> **Task goal**: Transcribe, word for word and without additions, each line below from the one containing "朝食は1Fのスパニッシュイタリアン「PIZZERIA & BAR" through the one containing "This fun bouquet", both ends included.

> **Exercise materials**:
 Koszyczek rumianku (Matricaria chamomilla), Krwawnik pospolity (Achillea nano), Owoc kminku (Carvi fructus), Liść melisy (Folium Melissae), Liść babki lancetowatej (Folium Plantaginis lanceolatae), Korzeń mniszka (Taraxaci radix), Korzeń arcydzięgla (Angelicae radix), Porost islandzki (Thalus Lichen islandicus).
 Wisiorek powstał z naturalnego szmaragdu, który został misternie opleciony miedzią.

---

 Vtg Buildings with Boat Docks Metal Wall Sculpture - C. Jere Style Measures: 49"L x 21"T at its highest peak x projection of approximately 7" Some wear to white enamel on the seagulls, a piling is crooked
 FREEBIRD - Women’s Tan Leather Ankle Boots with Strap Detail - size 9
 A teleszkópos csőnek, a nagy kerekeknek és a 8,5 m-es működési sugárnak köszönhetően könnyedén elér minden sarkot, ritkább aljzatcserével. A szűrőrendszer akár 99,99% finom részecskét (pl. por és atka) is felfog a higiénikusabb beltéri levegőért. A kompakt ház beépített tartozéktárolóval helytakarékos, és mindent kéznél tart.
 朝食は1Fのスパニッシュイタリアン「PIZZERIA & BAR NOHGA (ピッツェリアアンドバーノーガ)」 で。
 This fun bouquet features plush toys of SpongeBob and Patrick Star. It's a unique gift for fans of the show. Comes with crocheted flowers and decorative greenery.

> **Result of the task**:
 朝食は1Fのスパニッシュイタリアン「PIZZERIA & BAR NOHGA (ピッツェリアアンドバーノーガ)」 で。
 This fun bouquet features plush toys of SpongeBob and Patrick Star. It's a unique gift for fans of the show. Comes with crocheted flowers and decorative greenery.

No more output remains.